Machine Protocols

How do machines that occupy physical space coordinate without centralized control?

Agent protocols solve coordination for digital agents — software talking to software. Machine protocols solve the harder version: agents that occupy physical space, consume energy, and collide when coordination fails.

The split isn't digital vs physical — it's retry-safe vs collision-unsafe. That failure mode asymmetry demands verified time, verified position, and fail-safe defaults that digital protocols don't need.

The five components of agency map directly to physical agents: foundations (power, connectivity), character (operational constraints, alignment), capabilities (sensors, actuators), capital (token stakes, data assets), drivers (objective functions, reward signals). Phygital beings that occupy physical space need all five — plus protocols that fail safe.

Protocol Bridge

Digital agents and physical agents follow the same pattern. The substrate differs.

Function	Digital Agents	Physical Agents
Discovery	A2A Agent Cards	Peaq DID — machine publishes identity
Tool Access	MCP resources	Sensor APIs, edge compute
Commerce	UCP checkout	Peaq Data Marketplace
Payment	AP2 credentials	Peaq machine payments
Authorization	Verifiable Intent L1-L3	Peaq DID + operational constraints
Coordination	A2A task delegation	Intercognitive orchestration
Time	System clocks (trusted)	UMT (verified on-chain)

The key asymmetry: digital agents that lose connection retry. Physical agents that lose positioning collide. That asymmetry demands verified time, verified position, and fail-safe defaults.

IoT and DePIN

Machine-to-machine communication requires protocol surfaces that traditional networking does not address. Overview and advantages.

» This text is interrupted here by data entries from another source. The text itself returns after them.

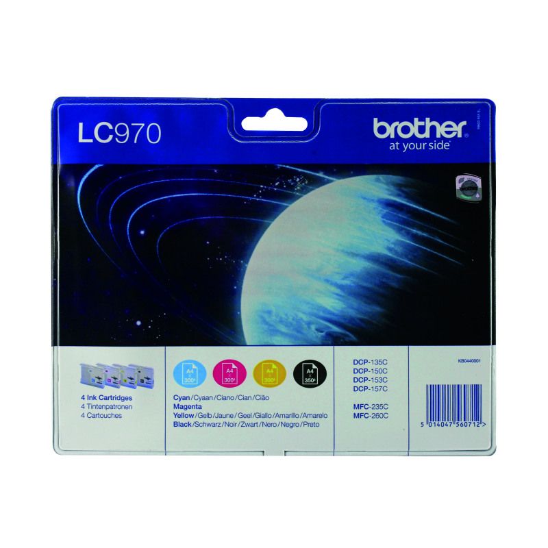 Brother LC-970 Black /Cyan/magenta/Yellow Inkjet Cartridge (Pack of 4) LC970VALBP
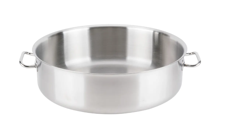 Made of stainless steel with an aluminum- and stainless steel-clad base, the Vollrath 47762 Intrigue® braising pot conducts heat quickly and resists bending or warping from recurrent use. It can produce 18 quarts of short ribs, pot roast, or pork loin in each batch, and the mirror-finish interior doesn't harbor bacteria or sticky residue. Users can lift and carry the pot using two solid loop handles that are welded on for stability.
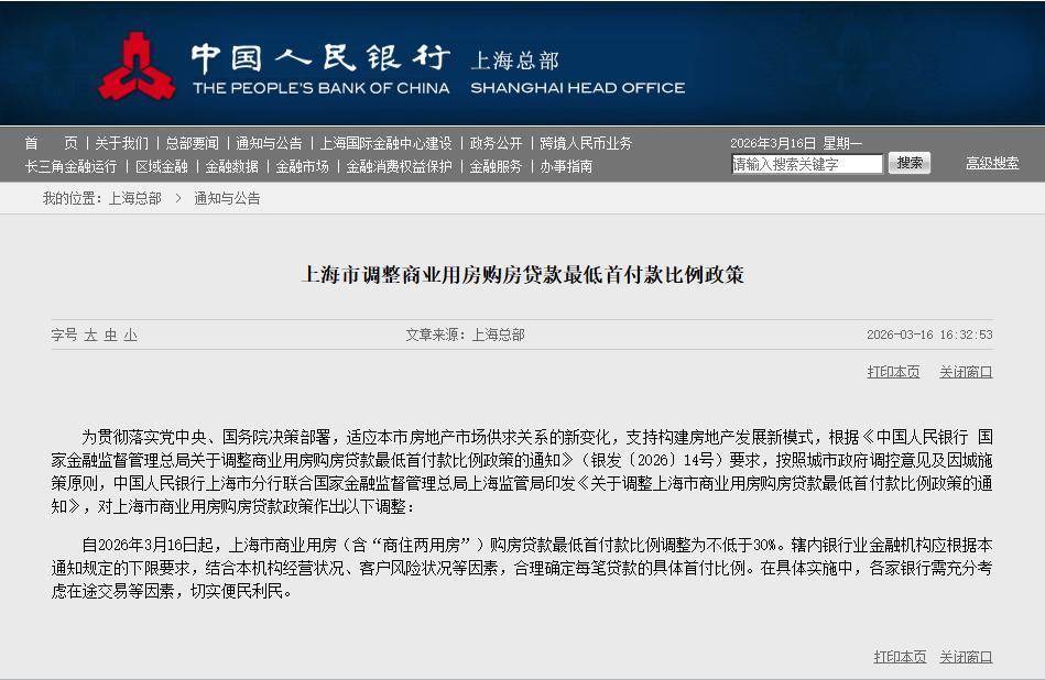 2026年3月16日,中国人民银行上海市分行联合国家金融监督管理总局上海监管局印发《关于调整上海市商业用房购房贷款最低首付款比例政策的通知》,明确自2026年3月16日起,上海市商业用房(含“商住两用房”)购房贷款最低首付款比例调整为不低于30%,此前该比例为不低于50%。
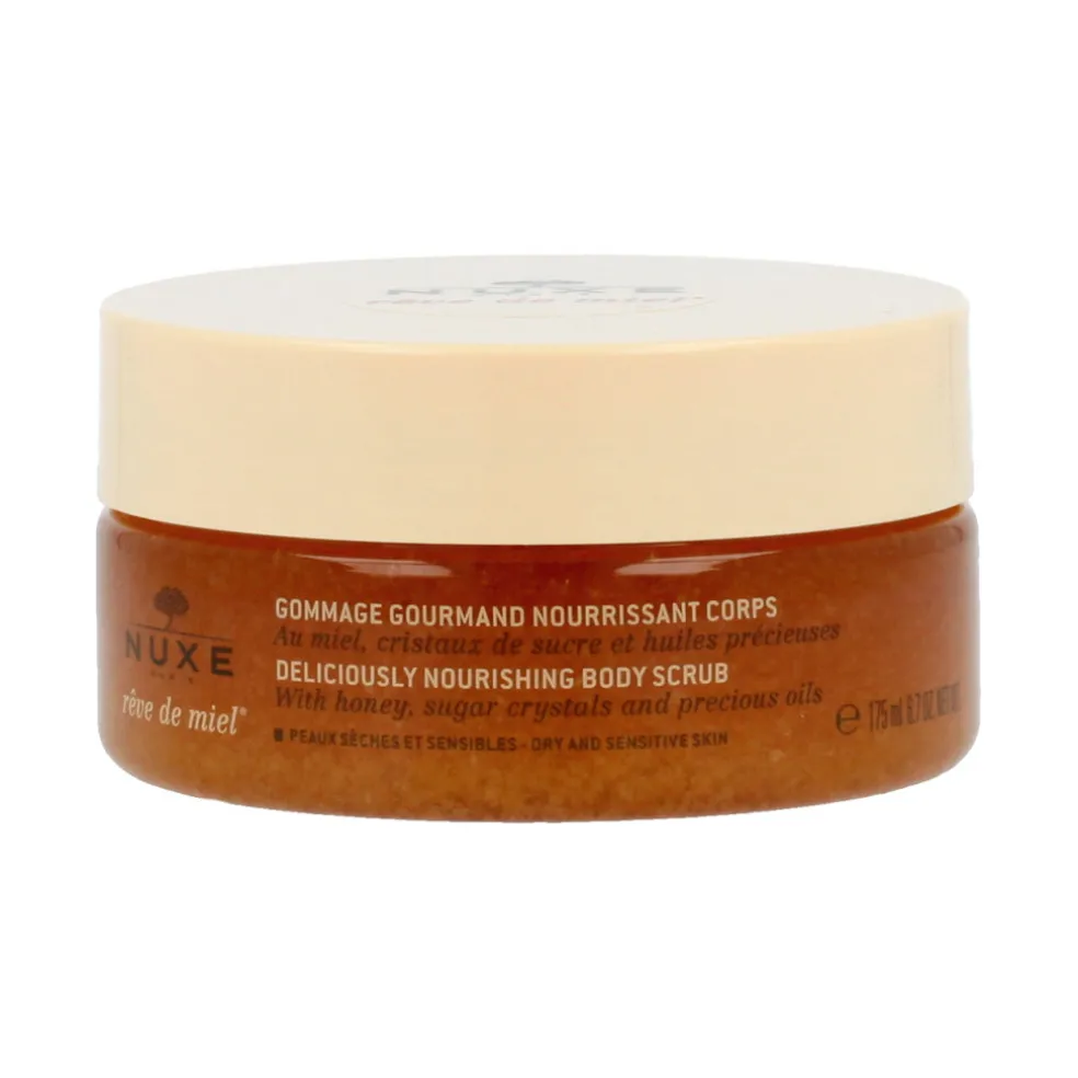 Nuxe Rêve de Miel Deliciously Nourishing Body Scrub 175 ml ist ein reichhaltiges Körperpeeling, das sanft abgestorbene Hautzellen entfernt und die Haut gleichzeitig nährt, weich macht und beruhigt. Es enthält eine Kombination aus Zuckerkristallen, Honig und pflanzlichen Ölen (Sonnenblumen-, Argan- und Borretschöl) und ist daher ideal für trockene und empfindliche Haut.
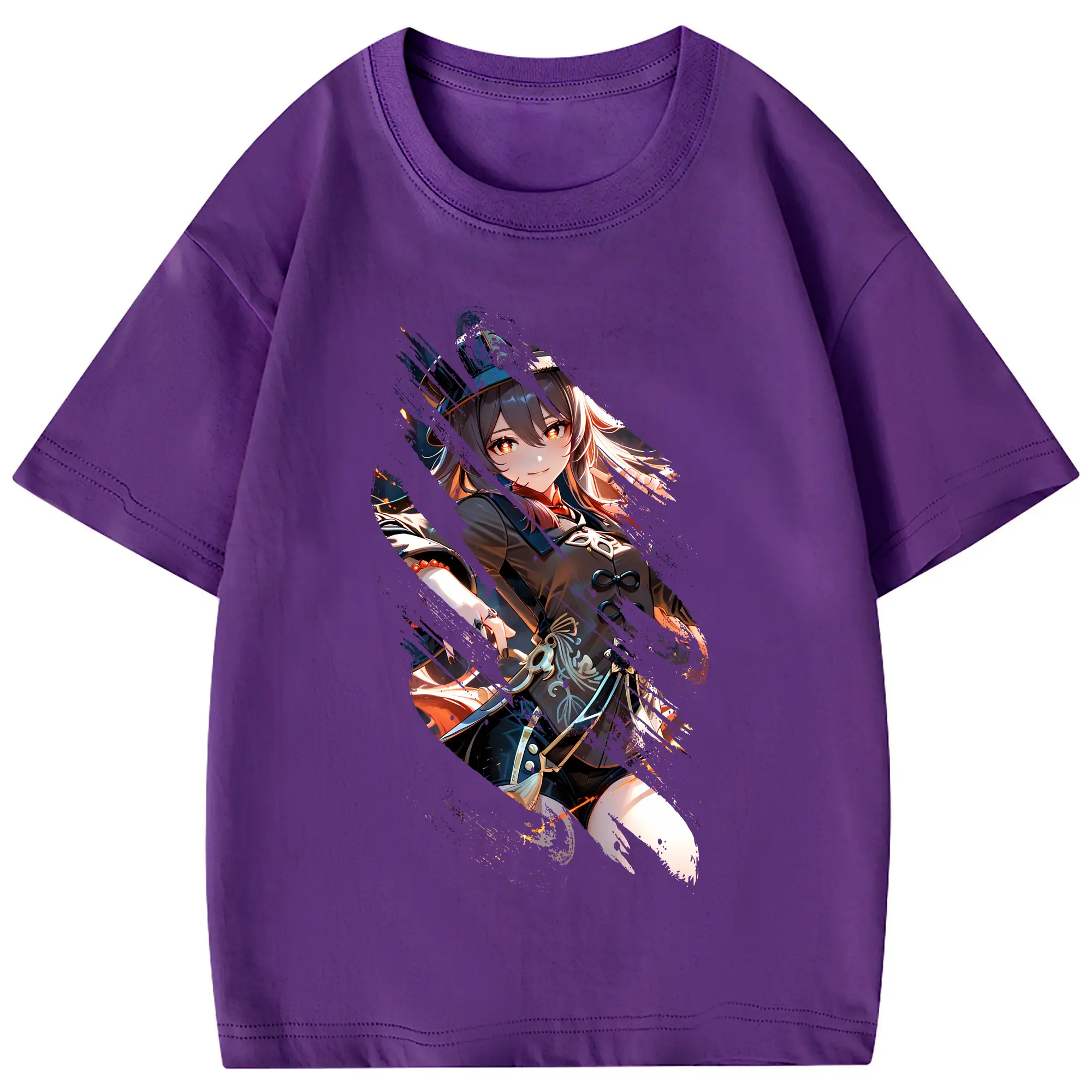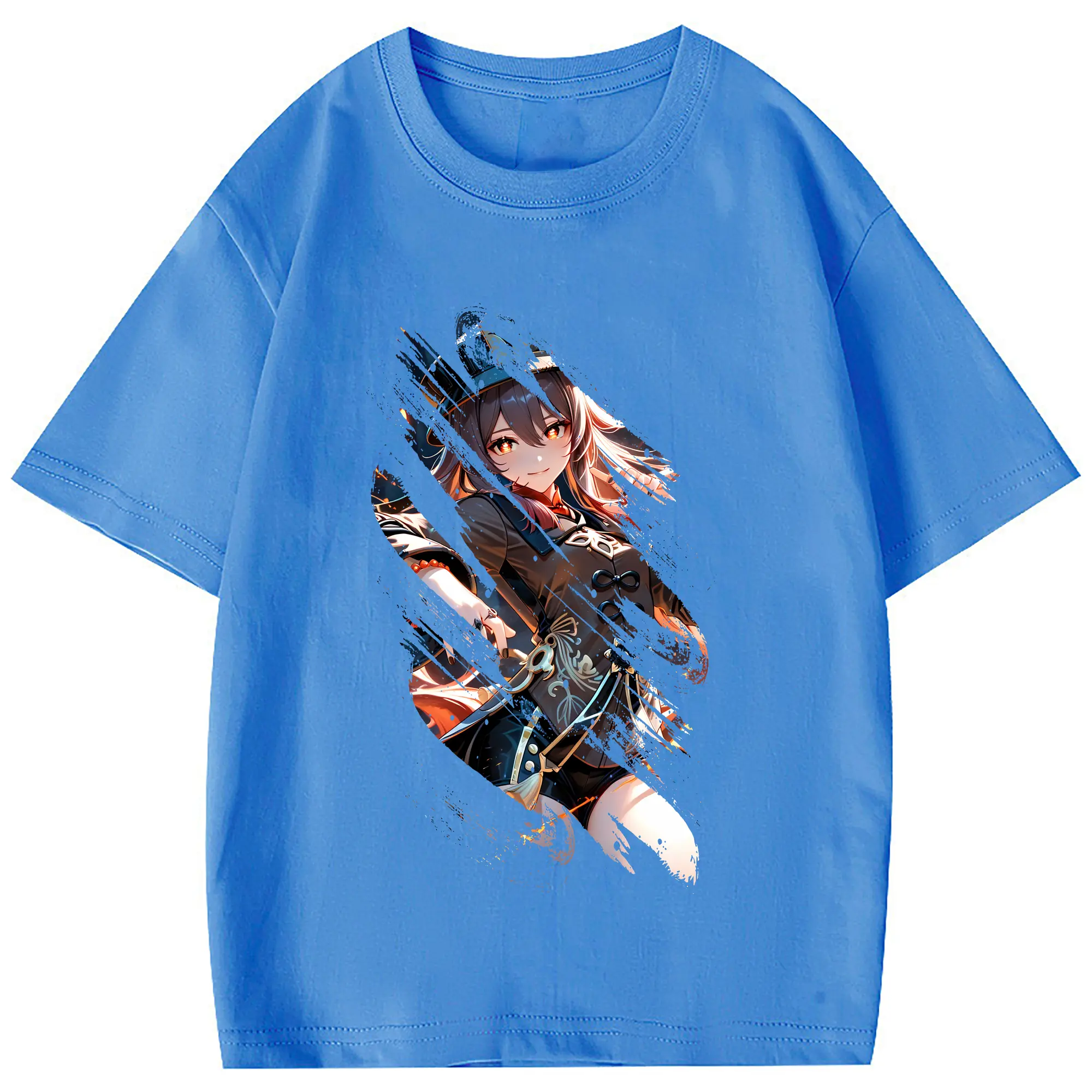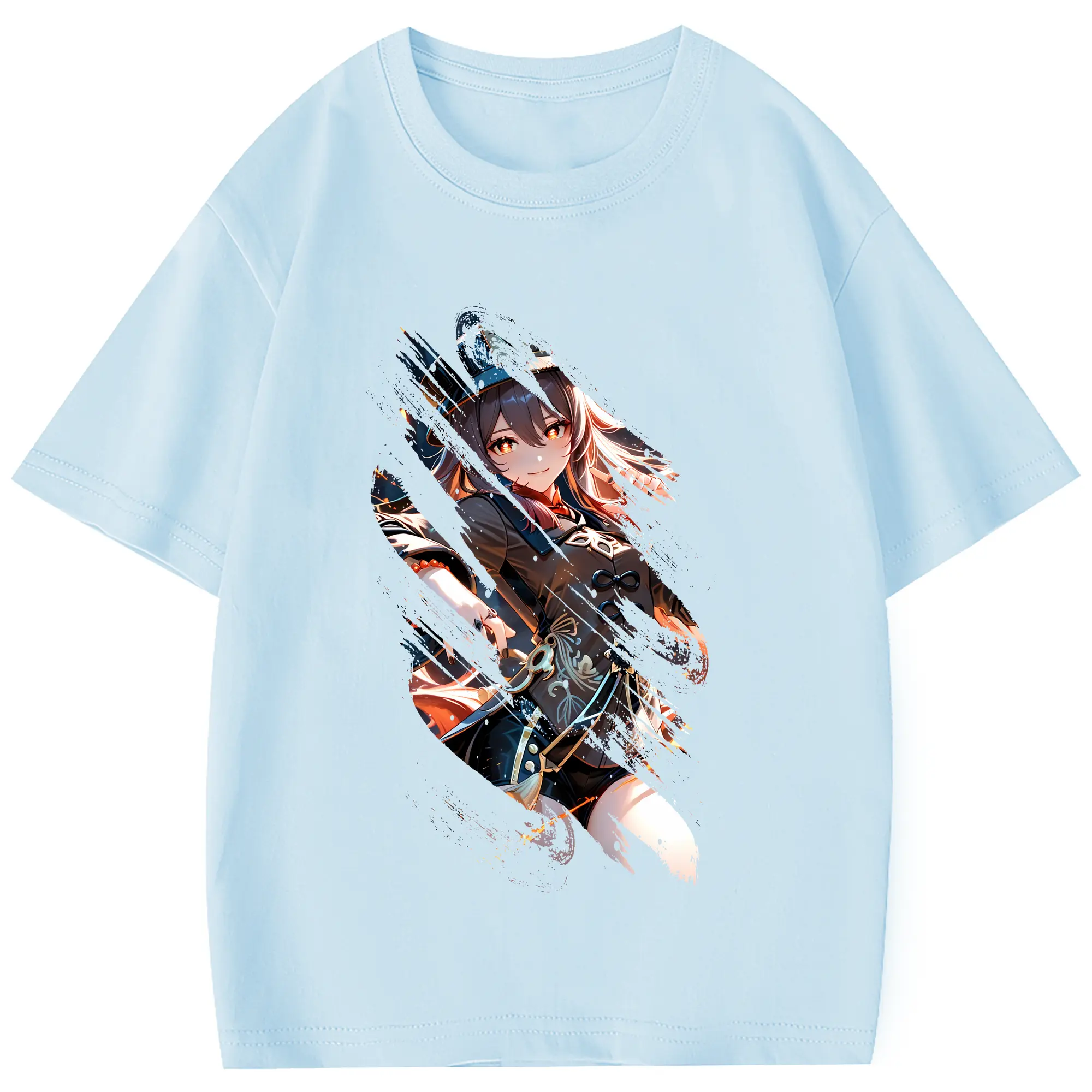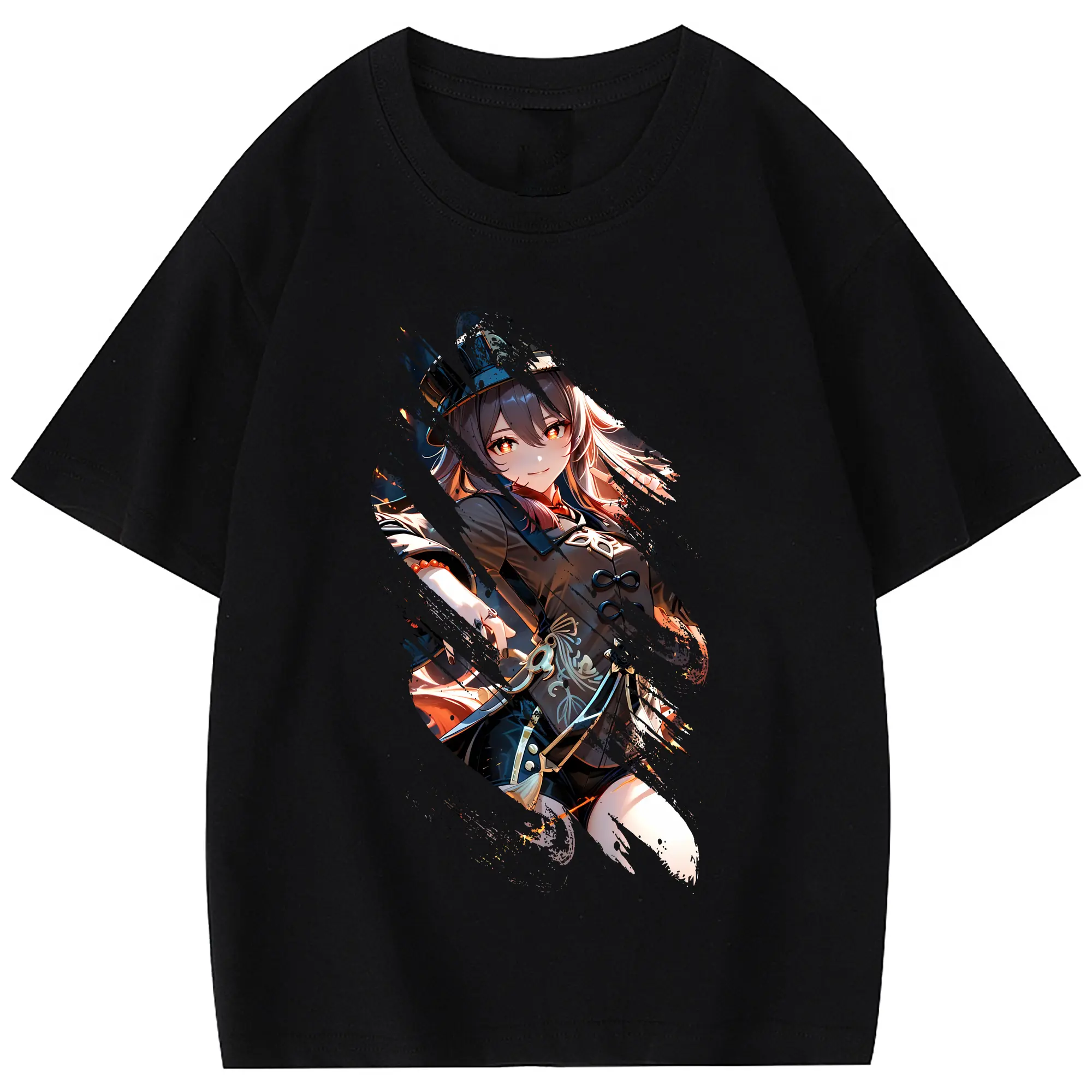 原 神 グッズ フータオ - 綿100% 半袖Tシャツ ・ フロントプリント ・ 快適 通気性 ・ 日常使い 散歩 スポーツ用

Domain	Protocol Surface	Why It Matters
Positioning	RTK correction and attestation	Precision for robotics and autonomy
Connectivity	Wireless routing and throughput	Reliable data transport
Identity	Device identity and contribution proof	Trust and anti-sybil controls
Settlement	Payment and reward protocols	Incentive alignment
Interoperability	Cross-network handoff	Multi-system composition

DePIN proved decentralized infrastructure scales faster than centralized alternatives. GEODNET built the world's largest RTK network in under two years using token incentives. The next step is standardizing how that infrastructure coordinates.

Dig Deeper

• Intercognitive Standard — Nine pillars for physical AI coordination: identity, fees, maps, sensors, positioning, compute, connectivity, orchestration, standards
• Peaq — Economy of Things — Machine identity, payments, data marketplace, and Universal Machine Time

Context

• Intelligent Hyperlinks — The pipe extends from screen to street when machines join the protocol
• Tokenization — Machines earn, hold, and trade tokenized value without human intermediaries
• Agent Protocols — Digital agent coordination (A2A, MCP, commerce)
• Verifiable Intent — Same delegation chain applies to machine authorization
• Agent Commerce — Standards war for autonomous transactions
• DePIN — Physical infrastructure incentivized by tokens
• Agent-Instrument Loop — How DePIN devices compose into feedback loops
• DePIN Devices — Hardware that earns while it works
• Robotics Industry — Where these protocols apply
• Agency — The five components physical agents need
• Phygital Beings — The actors these protocols serve
• Smart Contracts — Settlement layer for machine payments
• Protocols — Algorithms decide the route; protocols enable the handshake

Questions

What happens when the coordination protocol for physical agents fails — and the failure has physical consequences?

• Digital agents retry on disconnect. Physical agents that lose positioning collide. Does that asymmetry demand different protocol design, or just different failure modes?
• Can the same identity standard (Verifiable Intent + peaq DID) serve both digital and physical agents, or does embodiment require its own credential type?
• At what fleet size does centralized orchestration break, and what replaces it?